3. После того, как я долго следил за философами и наблюдал их, я сказал себе: нужно большую часть сознательного мышления причислить еще к функциям инстинкта, даже и по отношению к философскому мышлению; здесь надо переучиваться так же, как люди переучивались относительно наследственности и «прирожденного». Насколько самый акт рождения мало принимается во внимание во всем предыдущем и последующем ходе наследственности, настолько же мало «самосознание» в каком-либо положительном смысле может быть противопоставлено инстинктивному мышлению большая часть сознательного мышления философа тайно управляется его инстинктами, которые насильно ведут его по известным путям. За всякой логикой и ее кажущейся самостоятельностью движения скрывается также оценка, точнее говоря, физиологические требования, ради сохранения известного рода жизни. Например — что определенное ценится более неопределенного. обман ценится менее «прг-ды»—подобные оценки при всей своей регулирующей важности для нас, суть только оценки переднего плана, известного рода глупость niaiserie, которая, пожалуй, нужна для сохранения таких существ, как мы. Предположив, что «мера вещей» не есть именно человек...
4. Ложность суждения еще не может служить нам возражением против суждения; в этом отношении наш новый язык кажется наиболее непонятным. Вопрос заключается в том, насколько оно способствует развитию, сохранению жизни, сохранению рода, может быть, даже зарождению рода. И мы принципиально склонны утверждать, что самые ложные суждения (к которым синтетические суждения принадлежат a priori) для нас самые необходимые, что без допущения логических фикций, без измерения действительности чисто вымышленным миром абсолютного, самому-себе-равного, без известной подделки мира посредством числа, человек не мог бы жить.—Отречение от ложных суждений было бы отречением от жизни, отрицанием ее. Признать неправду необходимым условием жизни,—это значит, конечно, оказывать опасное сопротивление обычно высоко оцениваемым чувствам, и философия, отваживающаяся на это, уже одним этим ставит себя по ту сторону добра и зла.
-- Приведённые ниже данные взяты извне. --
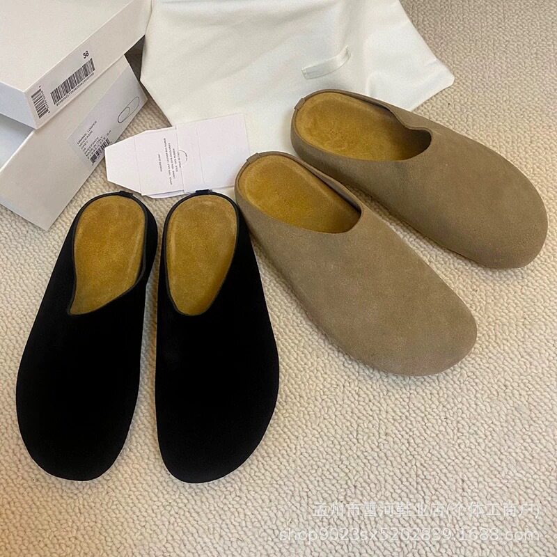2024 New Model Unisex Retro Genuine Leather Mule Shoes, Birkenstock-Style Flat Closed-Toe Slippers, Non-Slip

5. Смотреть на всех философов отчастп с насмешкой побуждает нас не то, что мы поминутно видим, до чего они невинны—как часто и как легко они ошибаются и заблуждаются, одним словом видим их детскую наивность и ребячество, а то, что они поступают не всегда честно и в то же время они все вместе подымают добродетельный гвалт, как только, хотя бы издали, затрагивается проблема правдивости. Все они делают вид, будто достигли своих собственных мнений и открыли их путем саморазвития холодной, чистой, божественно-невозмутимой диалектики (в отличие от мистиков всех сортов, которые честнее, но и глупее их, и говорят о «вдохновении свыше»); тогда как в сущности они с помощью подтасованных оснований защищают предвзятый тезис, выдумку, «внушение свыше», большей частью отвлеченным способом созданное и профильтрованное желание сердца. Все они адвокаты, только не хотят носить эту кличку, и даже большей частью хитрые защитники своих предрассудков, которые они называют «истинами». Они очень далеки от той храбрости совести, которая признается именно в этом, очень далеки от той храброй порядочности, которая высказывает это, для того ли, чтобы предостеречь друга или недруга, на зло ли другим, или в насмешку над собой. Натянутое и благонравное лицемерие старика Канта, с которым он нас заманивает на обходные диалектические пути, ведущие или скорее заманивающие к его категорическому императиву—это зрелище вызывает у нас, избалованных, улыбку и нам очень забавно наблюдать тонкие уловки старых моралистов и проповедников морали. Припомним также тот фокус в математической форме, в который Спиноза, как в панцырь, заковал и замаскировал свою философию— «любовь к своей мудрости», по справедливой и верной оценке выражения,—чтобы этим сразу запугать противника, который осмелился бы бросить взор на эту непобедимую деву, Палладу-Афину. Сколько собственной трусости и несостоятельности скрывает уединенный больной под этой маской!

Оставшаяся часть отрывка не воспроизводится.